24 hours in Hong Kong

It’s no secret that Hong Kong is famous for high-end shopping, but as a first time visitor I was blown away by just how many designer shops there actually are. I’d expected all of the well-known brands to be here, but most of them have three stores, and big ones at that. Thankfully I’m not in Hong Kong to shop so wasn’t even a little bit tempted to walk through those doors.

I’m visiting Hong Kong and Macau for a few days on my way to Shanghai (where I do intend to do a little shopping).  Clearly I’m not going to see much in such a short time but wanted the opportunity to take a look around and see if I’d like to come back for a longer stay in the future. When I travel I prefer to spend most of my time walking around getting a feel for the place and its people. This means that I sometimes miss the more popular tourist sites, particularly when I’m short on time.  I used to worry about this and wonder if I should be planning my trip better but now I just accept that this is what I like to do and that’s all that matters.

I’m staying half a block from VERY busy Nathan Road in Kowloon. Surprisingly my hotel room is quiet so the traffic hasn’t been a problem at all. Nathan Road, lined by shopping malls, shops and high-rise apartment buildings, runs from the base of mainland Hong Kong for about four kilometres.

I stepped out early on my first full day here and walked the stretch from my hotel to the ferry terminal before the shoppers and tourists hit the streets. At that time of the morning the locals were heading to work and going about their normal day-to-day business. The huge harbour promenade was virtually empty – just a few early morning tourists and what appeared to be some young people recovering from a big night out. The ferry terminal was much busier with locals heading off to work.

I took the short ferry ride across Victoria Harbour to Hong Kong island and after a quick wander around the central district, where I discovered even more designer shops, I jumped on one of Hong Kong’s very cute double-decker ‘ding ding’ trams and made my way west to the Sheung Wan district. I’d read that it was a nice area to walk around – a good mixture of locals and a thriving arts community. I was not disappointed. The walk back along Hollywood Road revealed so much about this vibrant and interesting district.

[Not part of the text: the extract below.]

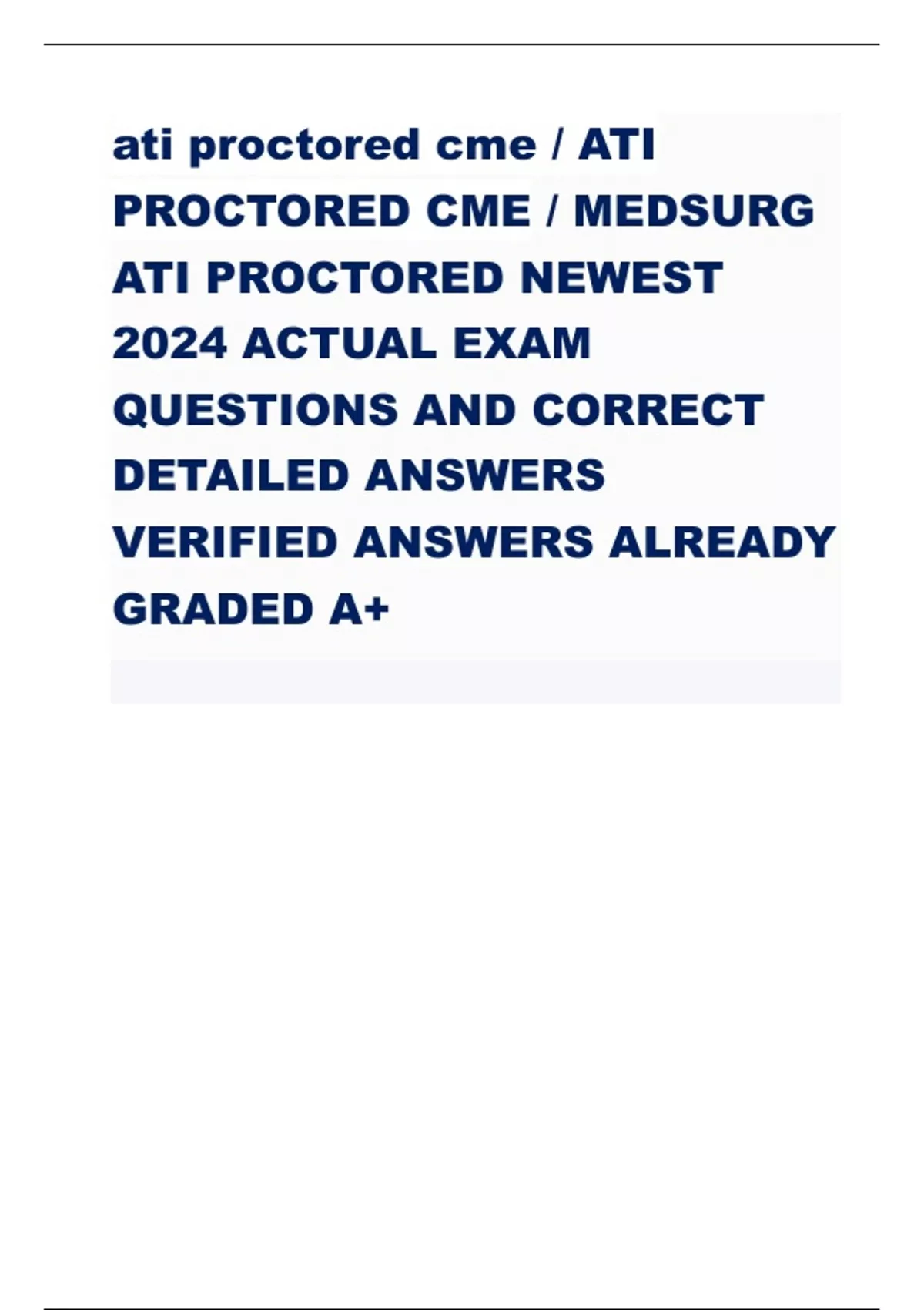 ati proctored cme/ ATI proctored cme/ MEDSURG ATI PROCTORED NEWEST 2024 ACTUAL EXAM QUESTIONS AND CORRECT DETAILED ANSWERS VERIFIED ANSWERS ALREADY GRADED A+

The first few blocks were full of galleries and Chinese antique shops, smart cafes and restaurants. I even found some street art which doesn’t seem to be very common here in Hong Kong. I also discovered the Man Mo Temple. The temple was built in 1847 and is the place to worship the God of Literature (Man) and the God of War (Mo). According to the website, both were worshipped by ‘ambitious students looking to succeed in the civil examinations of Imperial China’. The giant incense coils hanging at the entrance coupled with (mostly) young people lighting large bunches of incense sticks for their God (hopefully Literature) made it a very heady but interesting experience and was much bette for the soul (and wallet) than worshipping the God of Consumerism at the temple of Prada or Fendi.

As I continued the walk I discovered some small but very busy food markets selling fruit, vegetables, fish, herbs and spices. These were mostly frequented by locals with the odd tourist like me out for a sticky-beak.

I spent the afternoon wandering around my own neighbourhood on the mainland where I discovered the delightful Haiphong Road Temporary Market, which was essentially a large room full of women arranging flowers.  It smelled and looked amazing and I was so pleased to find it.

Later in the evening I went back down to the water’s edge to look at the lights of Hong Kong island which is quite a spectactular sight.  People lined up along the promenade taking photos of each other or ‘selfies’ with the beautiful view as their backdrop. An old fashioned Chinese junk boat with its red sails brightly lit cruised around the harbour and a very good busking band entertained people on shore, all contributing to a really nice atmosphere.

Hong Kong is noisy, bustling, colourful, beautiful and very vibrant, and I’ll definitely be coming back for a longer stay in the future.